**What you have to do:**
Your answer must be the full listing, reproduced exactly, minus any pictures.

**Dataset section:**
+++

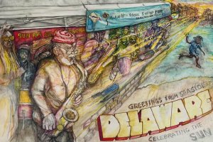 As a study for a proposed mural, Warrell recently created "Delaware Celebrates the Sun.” It is on display through Tuesday, April 7, in the Milton Arts Guild Curves exhibit at 107 Federal St., Milton. The subject recalls the 2024 fest, which celebrated the 100th birthday of Meastro Marshall Allen with a free performance of the internationally famous Sun Ra Arkestra.
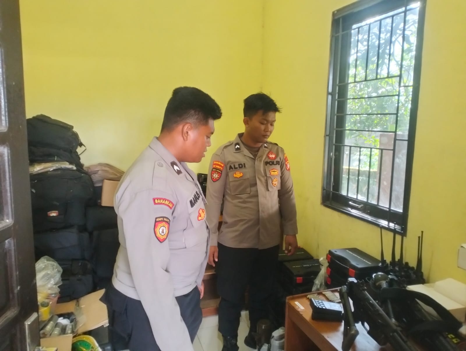 Serah terima piket meliputi pengecekan kondisi Mako, kelengkapan inventaris penjagaan, serta situasi dan kondisi terkini di lingkungan sekitar. Barang inventaris yang diperiksa antara lain perlengkapan keamanan, alat komunikasi, serta buku mutasi penjagaan. Ungkap kasat.
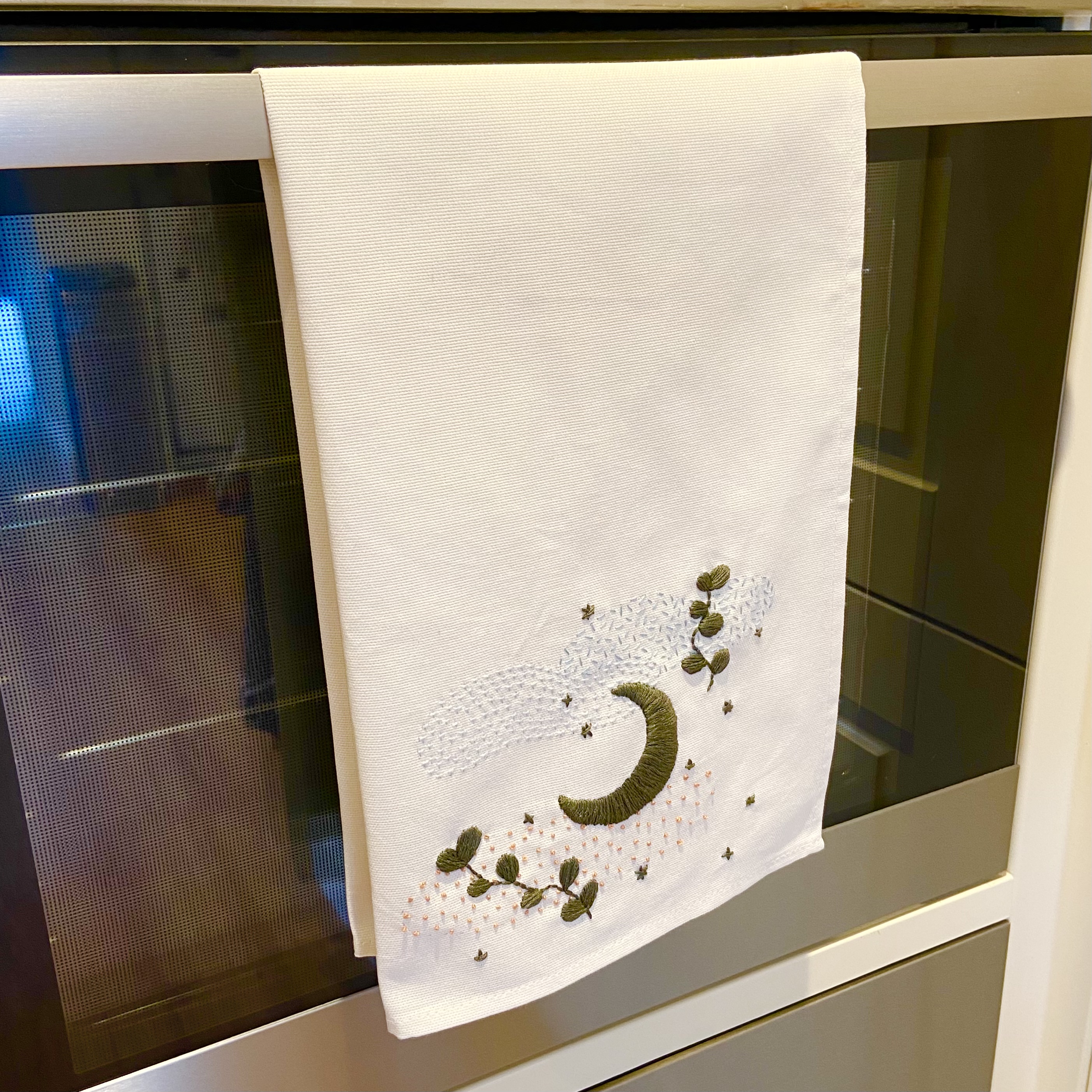 Back to embroidery for me this week with the moon tea towel from Craftiosity. I really like the idea behind the design of this embroidery of the waxing moon representing a period of building energy and achieving goals. Nice to have a reminder of this in the kitchen whilst I’m doing the washing up!
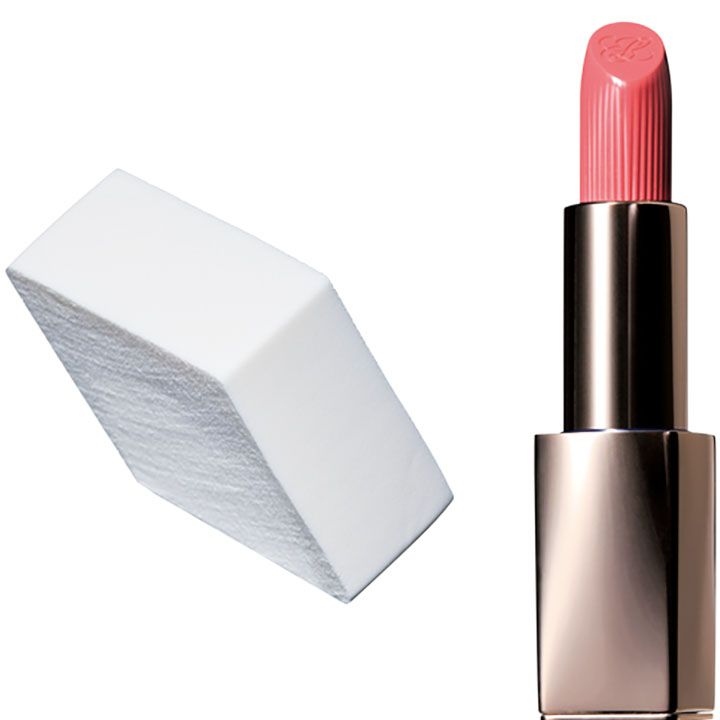 左:「ムラなくファンデを密着させるのに必須。ほどよい弾力とダイヤ型のカットが細かい部分にもフィット」スーパー プロ フェッショナル メークアップ スポンジ(4個入り)¥1,320、右:「ちょうどいい質感。清潔感のある華やかな色味は幸せリップと言われるのも納得」ピュア カラー リップスティック クリスタル 564 ¥5,720

+++

**Answer area:**
 As a study for a proposed mural, Warrell recently created "Delaware Celebrates the Sun.” It is on display through Tuesday, April 7, in the Milton Arts Guild Curves exhibit at 107 Federal St., Milton. The subject recalls the 2024 fest, which celebrated the 100th birthday of Meastro Marshall Allen with a free performance of the internationally famous Sun Ra Arkestra.
 Serah terima piket meliputi pengecekan kondisi Mako, kelengkapan inventaris penjagaan, serta situasi dan kondisi terkini di lingkungan sekitar. Barang inventaris yang diperiksa antara lain perlengkapan keamanan, alat komunikasi, serta buku mutasi penjagaan. Ungkap kasat.
 Back to embroidery for me this week with the moon tea towel from Craftiosity. I really like the idea behind the design of this embroidery of the waxing moon representing a period of building energy and achieving goals. Nice to have a reminder of this in the kitchen whilst I’m doing the washing up!
 左:「ムラなくファンデを密着させるのに必須。ほどよい弾力とダイヤ型のカットが細かい部分にもフィット」スーパー プロ フェッショナル メークアップ スポンジ(4個入り)¥1,320、右:「ちょうどいい質感。清潔感のある華やかな色味は幸せリップと言われるのも納得」ピュア カラー リップスティック クリスタル 564 ¥5,720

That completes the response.